Durante coletiva de imprensa antes da reunião do Codam, o governador Roberto Cidade (União) se colocou à disposição para conversar com o prefeito de Manaus, Renato Junior (Avante), para tratar da ampliação dos espaços disponíveis para a indústria, haja vista a falta de disponibilidade nos bairros Distrito Industrial I e Distrito Industrial II.
Questionado sobre a possibilidade de usar parte da área do Aeroporto Internacional Eduardo Gomes, que já foi citada pelo superintendente da Suframa, Leopoldo Montenegro, Cidade afirmou que a questão dos aeroportos exigia mais responsabilidade.
“Se tiver viabilidade e se for algo seguro e tiver laudos de órgãos competentes, eu dou total apoio, porque nós precisamos ampliar.
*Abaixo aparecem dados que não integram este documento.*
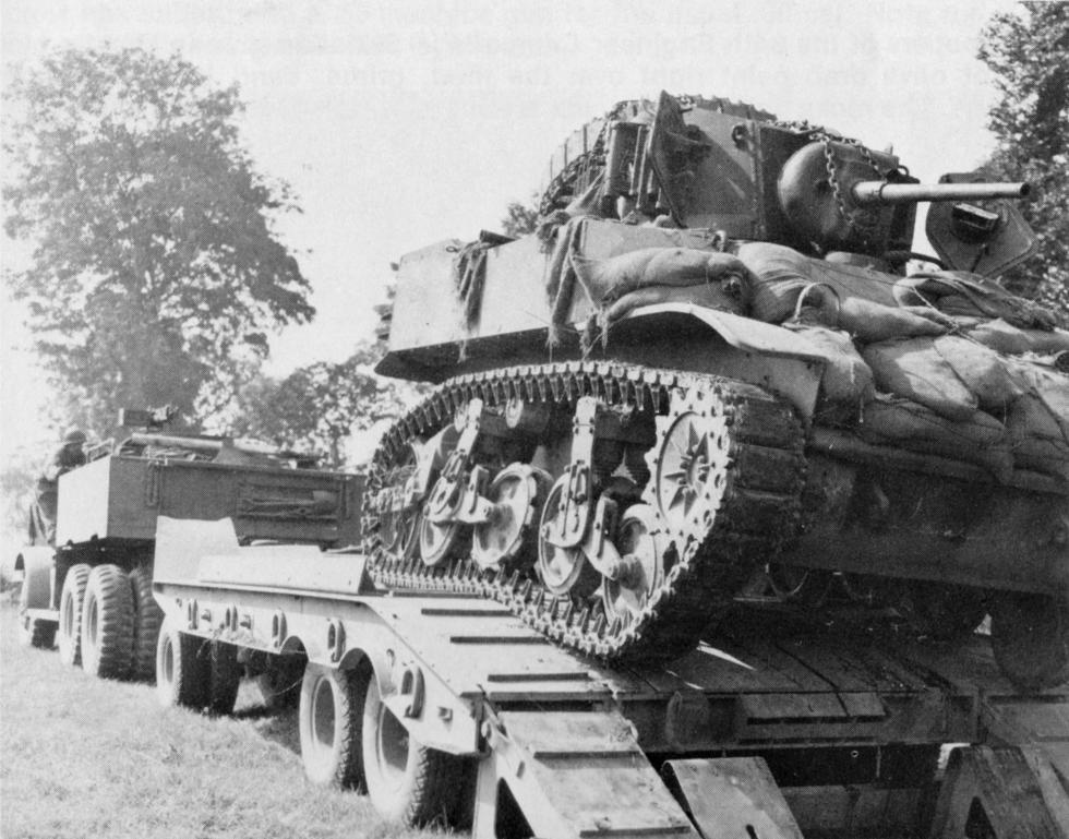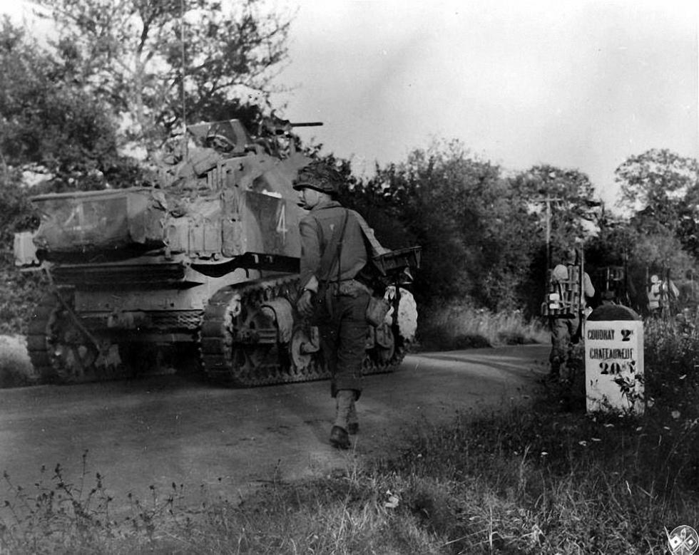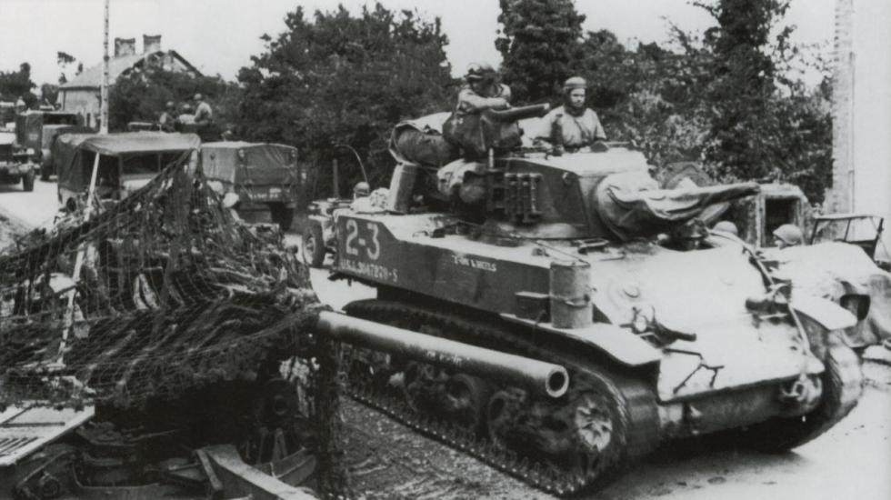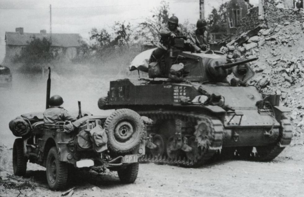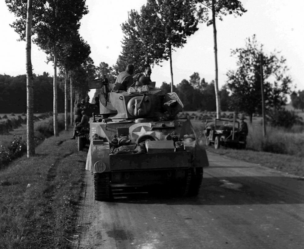 1944년 7월 생로..미29보병사단을 지원하는 747전차대대 소속의 스튜어트 전차.
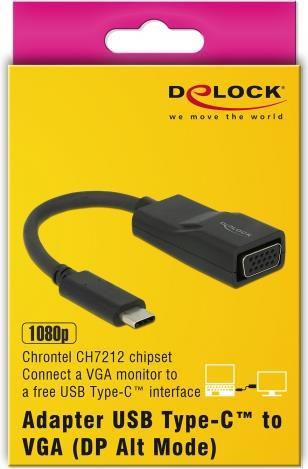 | Produktbeschreibung | DeLOCK Adapter USB Type-C male > VGA female - Videokonverter - Chrontel CH7212 - Schwarz |
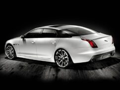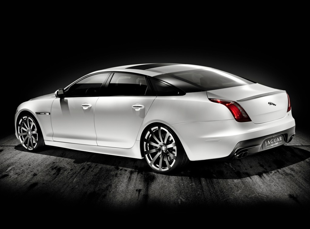 The white-and-black themed Jaguar XJ75 Platinum Concept is based on the 2011 Jaguar XJL Supercharged equipped with the stock 470 hp supercharged 5.0-litre V8, ground-effects and skirts, pearlescent white paint, 22-inch brushed alloy wheels and exterior chrome elements that have been revised to either a dark chrome or gloss black.
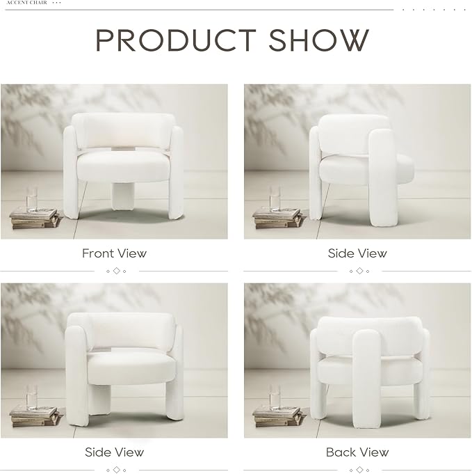 - 3-Legs Design & Curved Backrest: The barrel chair has a gently curved backrest that wraps around you, creating a cozy and inviting feel. The sleek, minimalist three-legged design offers stable support while adding a modern, stylish touch. With clean lines and timeless design, the living room armchairs effortlessly complement a variety of interior styles—from contemporary to Scandinavian and beyond.
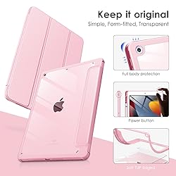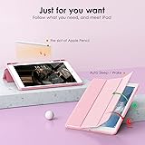 VIKESI Case for iPad 9th / 8th / 7th Generation 10.2 inch (2021/2020/2019 Released), Clear Back, TPU Shockproof Frame Cover[Built-in Pencil Holder,Support Auto Sleep/Wake] for ipad 10.2 - Pink
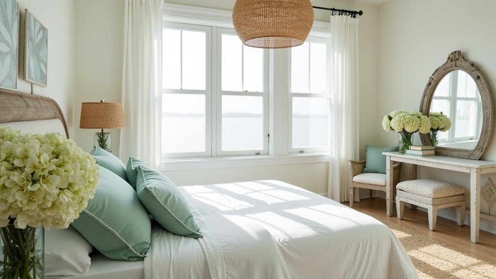 The layering of coastal-inspired textiles creates an airy, relaxed atmosphere without excess weight. Cotton throws featuring subtle stripes or weathered patterns add visual interest while maintaining the room’s breezy feel. These durable yet refined fabric choices bring the refreshing essence of seaside living into the bedroom space.
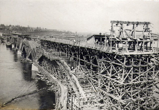 На фото: строительство Ангарского моста, август 1935 года
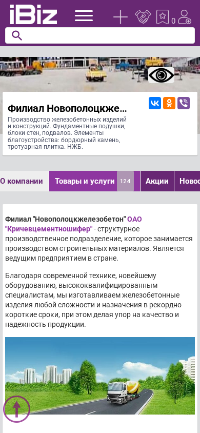 The website is for Filial Novopolotskzhbeтон, a branch of OAO Krichevcementnoshifer, specializing in the production of reinforced concrete products and structures. The offered items include foundation pads, wall blocks, and basement constructions, as well as elements of landscaping such as border stone and paving stones. The branch is located in Novopolotsk, Belarus, on Industrial Street, number 6. The website provides no further contact or location details. The company's main offerings include various types of reinforced concrete structures and building materials, with a focus on quality and efficiency.
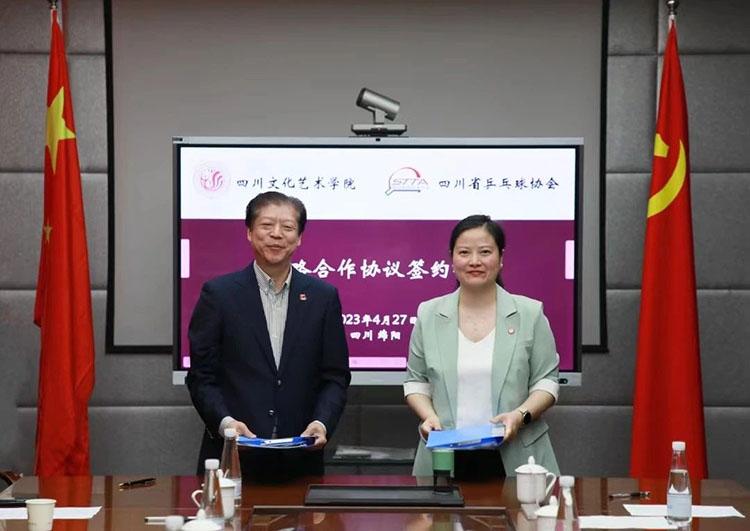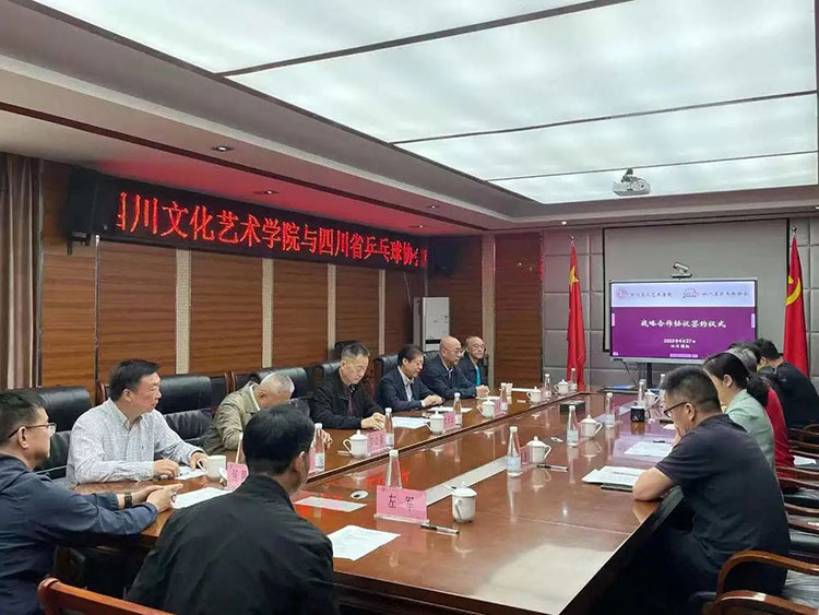 4月27日,四川文化艺术学院与四川省兵乓球协会签订战略合作协议。未来双方将在乒乓球项目群众体育推广、赛事承办、青少年后备人才培养以及乒乓球项目国家级专项资质培训、国球进校园教练员专项资质培训、乒乓球青少年运动等级标准测试推广、乒乓球项目科研合作等方面进行深度合作。
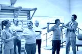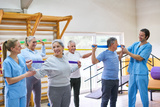 Elderly people doing workout with instructor in fitness class
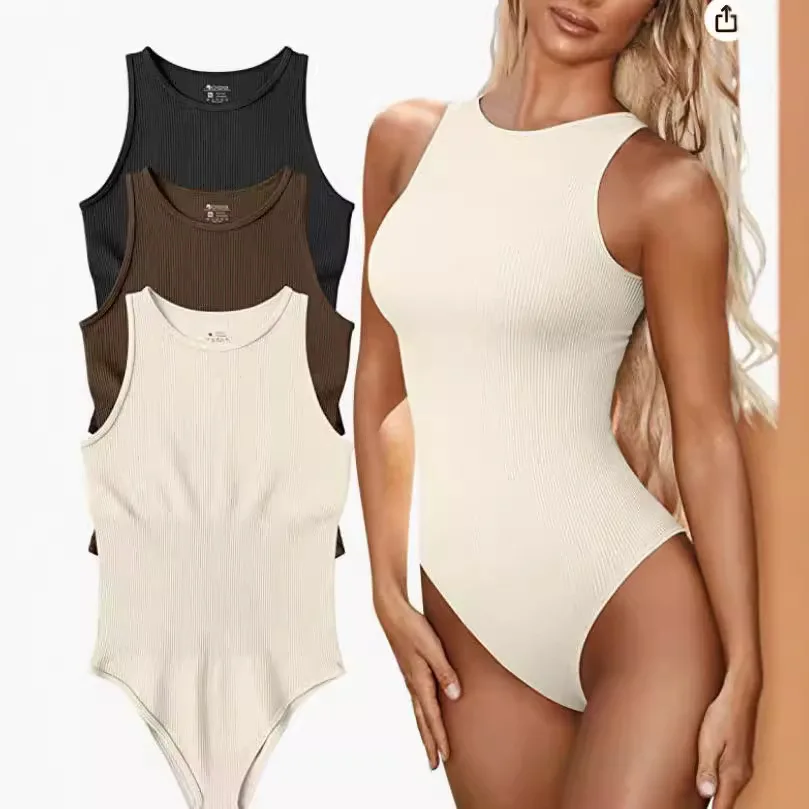 Wholesale Women Summer Tight Fitting Jumpsuit Solid Color Sleeveles...
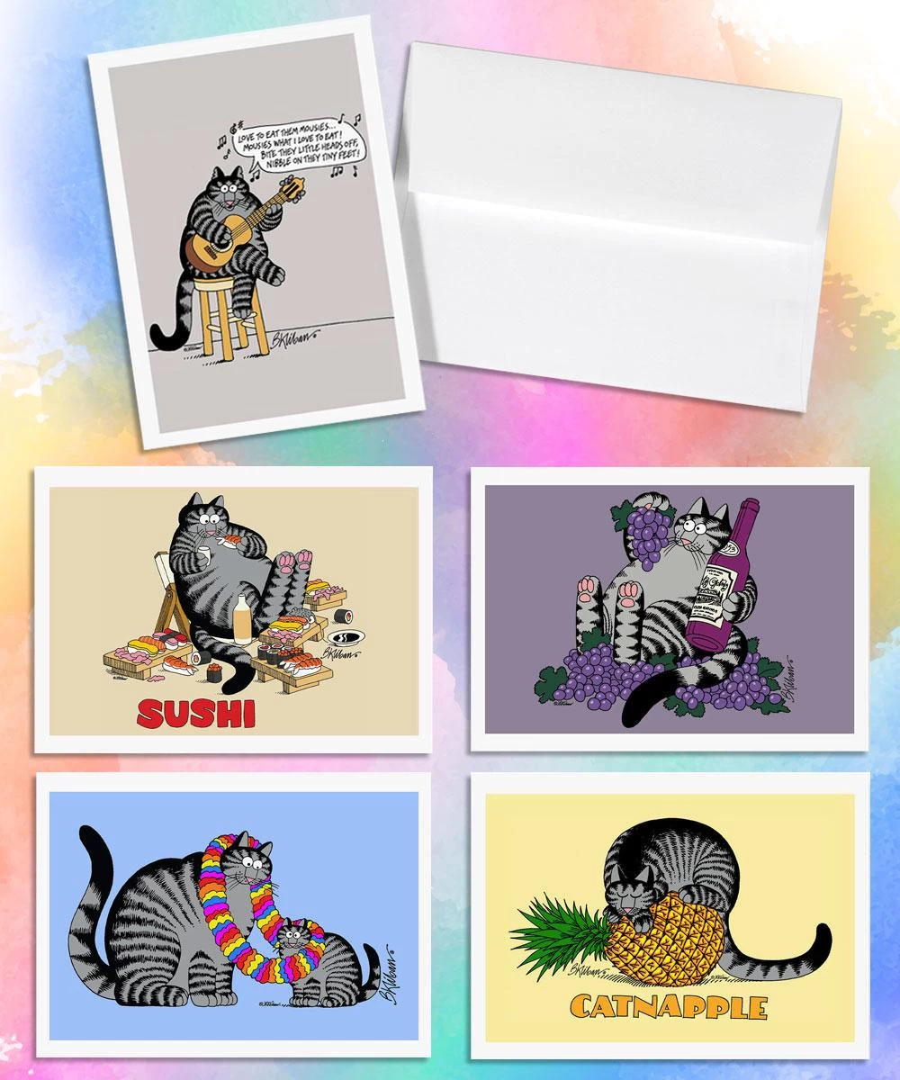 Send some love and looney-ness through the mail with Kliban cat note cards. With a collection of eight different designs, all your favorite felines are here to share with all your favorite folks. Made in the USA, these cards measure 6.38 inches high and 5.5 inches wide to give you plenty of room to write and to allow for colorful and crazy Kliban artwork on the fronts.
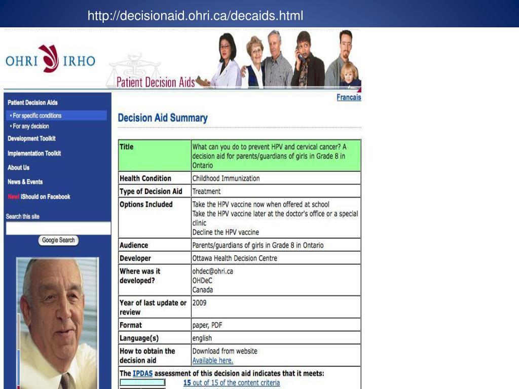 What Effects Do Decision Aids Have? • Patients feel more informed • Have better knowledge and understanding of clinical issue • Have realistic expectations about treatment • Are equally or more satisfied with the care they receive • Sometimes make different choices than uninformed patients O’Connor et al. Cochrane Systematic Review 2003
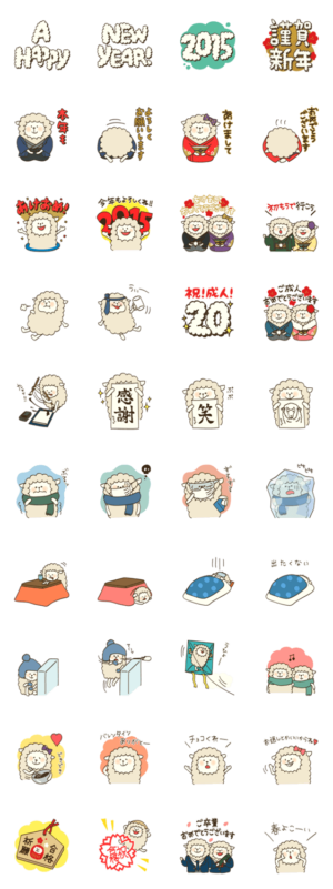 あけましておめでとうから卒業おめでとうまで。年賀状、お正月、成人式、バレンタイン、卒業など冬から春のイベントにつかえる羊スタンプのつめあわせです!株式会社スリーエムズ より発売
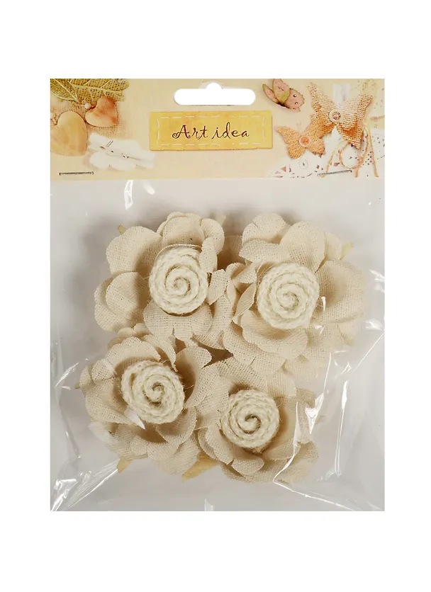 Букетик Льняные розы с холщевой серединой (4шт) (11-00399-SC-220)

A cidade de Manaus é a maior cidade do Norte do país, representa 52% da população do nosso estado. Precisamos trazer mais investimentos para cá e ampliá-la”, afirmou.
Durante a reunião desta quinta, os conselheiros do Codam aprovaram uma pauta com R$ 2,68 bilhões em investimentos totais, a maior de todas até o momento, com previsão de gerar 4,8 mil empregos diretos e indiretos nos próximos três anos. Dentre os projetos estão 35 para implantação de novas fábricas no Polo Industrial de Manaus (PIM), além de 28 de diversificação e 14 de atualização.
Durante a cerimônia, o secretário Gustavo Igrejas apresentou um balanço mostrando que o PIM já faturou mais de 11 bilhões de dólares entre janeiro e março deste ano, número 12,61% acima do mesmo período do ano passado, quando faturou pouco mais de 9,8 bilhões de dólares. Os investimentos feitos no modelo até agora chegaram a 10,6 bilhões de dólares, o maior da série histórica.
Ainda no evento, foi realizada a entrega de uma licença de instalação emitida pelo Instituto de Proteção Ambiental do Amazonas (Ipaam) à empresa Eneva, que autoriza a implantação de um cluster e perfuração de três poços exploratórios de gás natural em um bloco localizado no município de Silves, onde a empresa também opera o Campo do Azulão. O documento foi entregue pelo governador Roberto Cidade, pelo vice-governador Serafim Corrêa (PSB) e pelo diretor-presidente do Ipaam, Gustavo Picanço, ao diretor de operações da Eneva, Alcio Adler.
Acerca da questão da seca, que deverá ser marcada pelo El Niño, o vice-governador Serafim Corrêa destacou que mantém contato com os portos privados Chibatão e SuperTerminais, os quais já se comprometeram a deslocar novamente a estrutura dos píeres provisórios para Itacoatiara caso seja necessário, como ocorreu na seca histórica de 2024.
“Esta notícia é dada como forma de tranquilizar a tudo e a todos. Ao contrário de 2023, quando não tínhamos alternativa, em 2024 tivemos e devo registrar que essa sugestão foi dada pelo Jhony Fidelis”, disse, apontado para o diretor executivo geral do Grupo Chibatão.
A fala de Serafim Corrêa ocorre um dia após a Defesa Civil do Amazonas divulgar um alerta prevendo a acentuação da seca em virtude do fenômeno meteorológico, que tem 80% de se estabelecer no segundo semestre de 2026, com possibilidade de permanecer até 2027. O governo estadual deverá reunir prefeitos e secretários dos municípios mais vulneráveis para discutir medidas prevenção. O estado se encontra hoje em estado de emergência climática e ambiental.